Засим стала она толковать о нравах венецианцев, их страсти к азартным играм и спросила к слову, прижилась ли у нас генуэзская лотерея.
– Меня хотели убедить, – сказала она, – чтоб я допустила ее в моем государстве. Я согласилась бы, но токмо при условии, что наименьшая ставка будет в один рубль, дабы помешать играть беднякам, кои, не умея считать, уверуют, что легко угадать три цифры.
После сего изъяснения, полного глубочайшей мудрости, я мог только покорнейше кивнуть. То была последняя беседа моя с сей великой женщиной, умевшей править тридцать пять лет, не допустив ни одного существенного промаха, соблюдая во всем умеренность.
Перед отъездом я устроил в Екатерингофе для друзей своих празднество с фейерверком, не стоившим мне ничего: то был подарок друга моего Мелиссино. Но ужин, что я дал на тридцать персон, был отменно вкусен, а бал великолепен. Хоть кошелек мой и не был набит, все же почел я своим долгом выказать друзьям признательность за всю их обо мне заботу.
Поелику уехал я с комедианткой Вальвиль, здесь должно поведать читателю, каким манером я свел с ней знакомство.
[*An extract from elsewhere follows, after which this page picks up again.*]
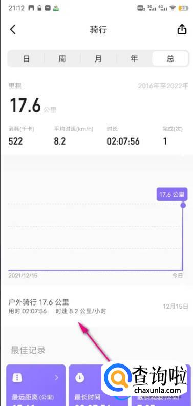 点击中间的骑行记录。

Отправился я как-то раз в одиночестве во французскую комедию и сел в ложе третьего яруса, оказавшись рядом с одной премилой дамой, мне незнакомой, что была совершенно одна. Я завел с ней разговор, то браня, то хваля игру актеров и актрис, и она, отвечая, пленила меня умом, красоте ее не уступающим. Очарованный ею, я осмелился к концу пьесы спросить, русская ли она.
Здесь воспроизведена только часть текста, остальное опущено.